Escrevi o texto num destes interessantes e modernos gadgets, que, com um simples toque de um dedo, permitem obter pequenas maravilhas. Oferecem processadores de texto capazes de duas coisas, corrigir o que escrevemos, o que é muito bom, como induzir a escrever o que entendem, e aqui a porca torce o rabo. Explico, ao digitar as primeiras letras de uma palavra o processador do texto antecipa-se oferecendo a mais indicada, a fim de poupar tempo a escrevê-la na totalidade. Por vezes estamos de acordo, outras vezes não. Apesar de habitualmente escrever como deve ser as palavras, o processador acaba por impor as suas caso me distraia. Claro que há forma de as recusar, bastando para isso estar atento e carregar com a ponta do dedo no X da oferta e mandar às malvas a pretensa ajuda. Foi o que me aconteceu ontem. Escrevinhei o texto e, em vez de escrever espectador, escrevi espetador. Hoje, de manhã cedo, e um pouco estremunhado pela falta de descanso nocturno, li o comentário de AF. Confesso que a princípio não compreendi muito bem, o que é natural, mas, depois de uma segunda, ou terceira?, leitura alcancei o ponto, tinha escrito mal a palavra "espetador". O comentário é interessante, sem dúvida, mas despertou uma reação da minha parte algo meio intempestiva, o que é perfeitamente natural em pessoas emotivas. De qualquer modo, entendi que devia suavizar a minha reação com um daqueles sinais em que se utilizam os " smiles" ou coisa parecida, neste caso acho que foi um piscar de olho, ;).

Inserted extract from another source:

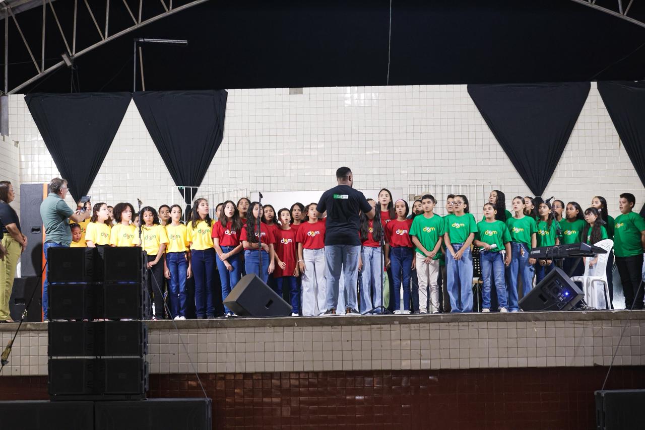 Outro momento de grande significado foi a apresentação do Coral Dom, formado por alunos de três turmas do 6º ano da Escola Maurino Rodrigues de Andrade – CNEC. Mais do que uma apresentação musical, o coral representa o investimento do município na formação cultural, educativa e cidadã dos jovens, utilizando a música como ferramenta de aprendizado, disciplina e inclusão social.
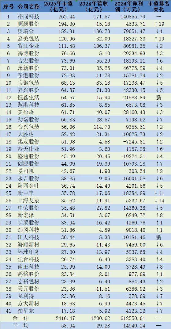 位居第三的是印铁制罐龙头奥瑞金,市值为152.31亿元;位居第四的是同样异军突起的嘉美包装,市值为120.96亿元,排名相对2024年也提升了19位。

Mas vamos ao que importa, ao ler e compreender o objetivo do comentário ao meu erro/lapso, comecei a ouvir o silvo de um protótipo de uma colher de pau gigante, inacabada, pois, e com cinco pequenos orifícios, em vez da concavidade que deveria ter, a tombar, pouco delicadamente, nas minhas mãos, impulsionada, magistralmente, pela besta do meu professor da escola primária, que, à boa maneira de outros tempos, "sabia", como ninguém, educar os miúdos com "porrada" da grossa. O silvar da menina dos cinco olhos - será que os "cinco olhos" eram uma forma de evitar que se partisse na sua atividade pedagógica, encontrasse menos resistência ao ar, ao mesmo tempo que representavam as cinco quinas nacionais? -, aliado ao latejar das mãos, a gritarem de dor, foram, matinalmente, desencadeadas pela leitura do comentário. Ao fim e ao cabo uma forma de reflexo pavloviano, mas negativo, claro, porque não salivei de prazer, antes pelo contrário. Irrita-me profundamente estes corretores de texto, indutores de palavras que não desejo e que escapam, algumas vezes, ao controlo. Nem imaginam as "induções" que tenho recebido à medida que escrevo este pequeno desabafo. Estou farto de corrigir. Que chatice! Tem de haver uma forma de eliminar estas ajudas. Vou ver se consigo. Esta coisa de andar a corrigir o corretor tem muito que se diga.
E assim, graças à publicidade televisiva, acabei por relembrar certos acontecimentos do passado e dissertar sobre o presente.
Confesso que começo a divertir-me com as minhas atitudes, lapsos e erros. Até já consigo rir-me de mim próprio. Há quem diga que quem o consegue é porque está no bom caminhão (caminho, se faz favor!). Irra, estou farto de entrar em conflito com este sacana do processador de texto! Nem imaginam as vezes que já alterei as palavras que não queria escrever. O pior é se na revisão final não conseguir detetar alguns erros, mas se não conseguir, paciência, pelo menos está publica e antecipadamente explicado o meu erro/lapso.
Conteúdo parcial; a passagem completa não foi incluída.